If we agree to move beyond an outdated paradigm of education centred around curriculum coverage, what kind of vision for post-pandemic education can take its place? Two decades ago, Brazilian educator Paulo Freire wrote that education either functions to inculcate conformity in the younger generation or it becomes “the practice of freedom, the means by which men and women deal critically and creatively with reality and discover how to participate in the transformation of their world” (2000, p. 34). To Freire, the sense of pedagogical meaning-making that derives from curriculum is inseparable from the goal of improving society. In other words, improving society requires not only teaching basic skills and knowledge, but also engaging young and old alike in a process of collective meaning-making and community-building.

For as long as I can remember, I have been interested in the ways people treat one another, learn from one another, and live together in local, national, and global communities – in short, how people see themselves as members of a community. Education has always seemed important to me, not because of the debates about passing fads and strategies (phonics versus whole language, new math versus old math, small classes versus big classes), but rather because choices about how we teach our children are choices about the kind of society we believe in and the kind of people we hope will emerge from our schoolhouse doors. Will they be concerned only with their own individual success and ambitions without regard to the welfare of others? Will they form healthy and happy relationships with others? Will they value democratic values such as self-governance and social justice? Will they learn how to develop convictions and the courage to stand up for those convictions if and when it becomes necessary to do so? Will they be able to engage in work and community activities they find meaningful? These values are manifestations of a sense of both personal and civic identity and form the basis of community life.

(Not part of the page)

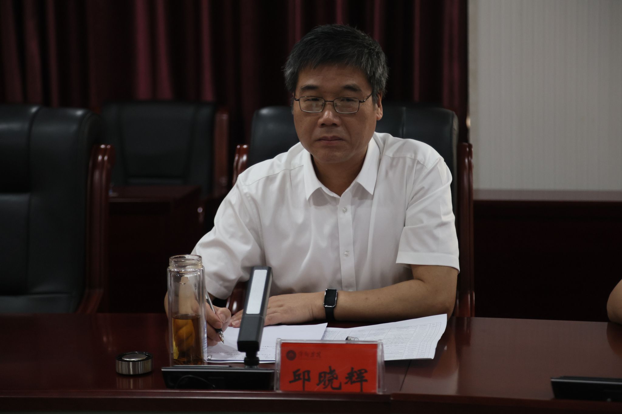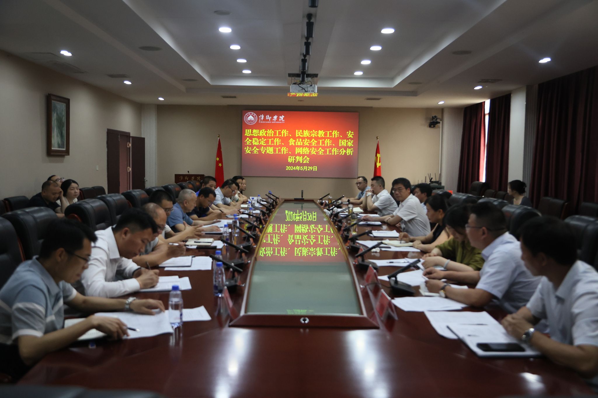 5月29日,beat365官网在至善楼第一会议室召开思想政治、民族宗教、意识形态、安全稳定等工作分析研判会。校领导邱晓辉、王林清、曾敏、贺晓梅出席会议。人事处、学工处、保卫处、后勤处等相关部门负责人以及二级学院党委书记参加会议。会议由校党委书记邱晓辉主持。

You can see, then, that I think about schools not only or even primarily as vehicles for the transmission of knowledge, but also as places where children learn about the society in which they are growing up: how they might engage productively, how they can fight for change when change is warranted, and how to know when it is warranted. Schools have always taught lessons in areas such as citizenship, moral values, good behaviour, and “character.” Schools teach children to follow rules, to wait their turn, and (ideally) to cooperate with others. Schools (again, ideally) also teach children how to acquire and process information and how to articulate their ideas to others – all necessary skills for democratic community life. Some schools also help students consider whether being a “good” citizen or member of the community ever requires questioning rules, or what might be the proper balance between rule following and thinking about the origins and purpose of rules.

Schools teach these lessons regardless of whether or not they aim to do so explicitly. How classrooms are set up, who gets to talk when, how adults conduct themselves, how decisions are made, how lessons are enacted – all these inevitably serve as lessons in how to live together. Whether teachers explicitly “teach” these subjects or not, students learn about community organization, the distribution of power and resources, rights, responsibilities, and of course, justice and injustice. These same lessons are mirrored in students’ online interactions. Curricular choices and the relative importance we put on covering all the content standards contain both overt and hidden lessons as well.

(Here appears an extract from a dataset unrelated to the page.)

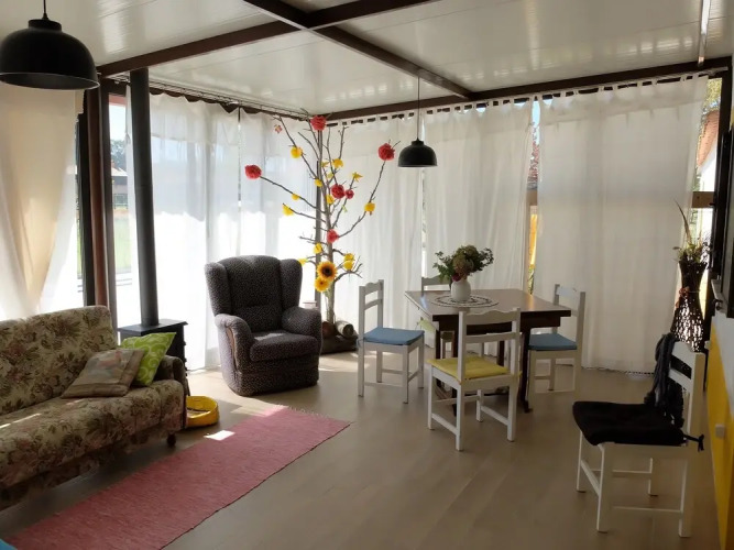 Бесплатный Wi-Fi на территории поможет всегда оставаться на связи. Если вы путешествуете на машине, припарковаться можно будет на парковке рядом. Среди развлечений на территории — площадка для пикника и площадка для барбекю. Берите питомца с собой. В коттедже возможно размещение с домашним любимцем.

When policy-makers focus obsessively on learning metrics, teachers are forced to reduce their teaching to endless lists of facts and skills, unmoored from their social meaning. But when we consider what a successful education might look like more broadly and we think about the impact our curricular choices have on the people we hope students will become, we create new ways of seeing the complex work of teaching and we form new expectations for the purposes of a public education.

Content matters, coverage does not

Schools should teach subject matter content. There, I said it. I do not want to entertain strawman arguments about progressive educators who don’t care whether children learn to read and write, add and subtract numbers, or learn facts about things. As far as I know, there is not a group anyone can join called “Parents and Educators Against Children Learning How to Read.”

What I am suggesting is that schools should teach content without becoming overly concerned with teaching all content. The need for such a shift in thinking is not new but was made newly possible by the disruption brought about by the COVID-19 pandemic.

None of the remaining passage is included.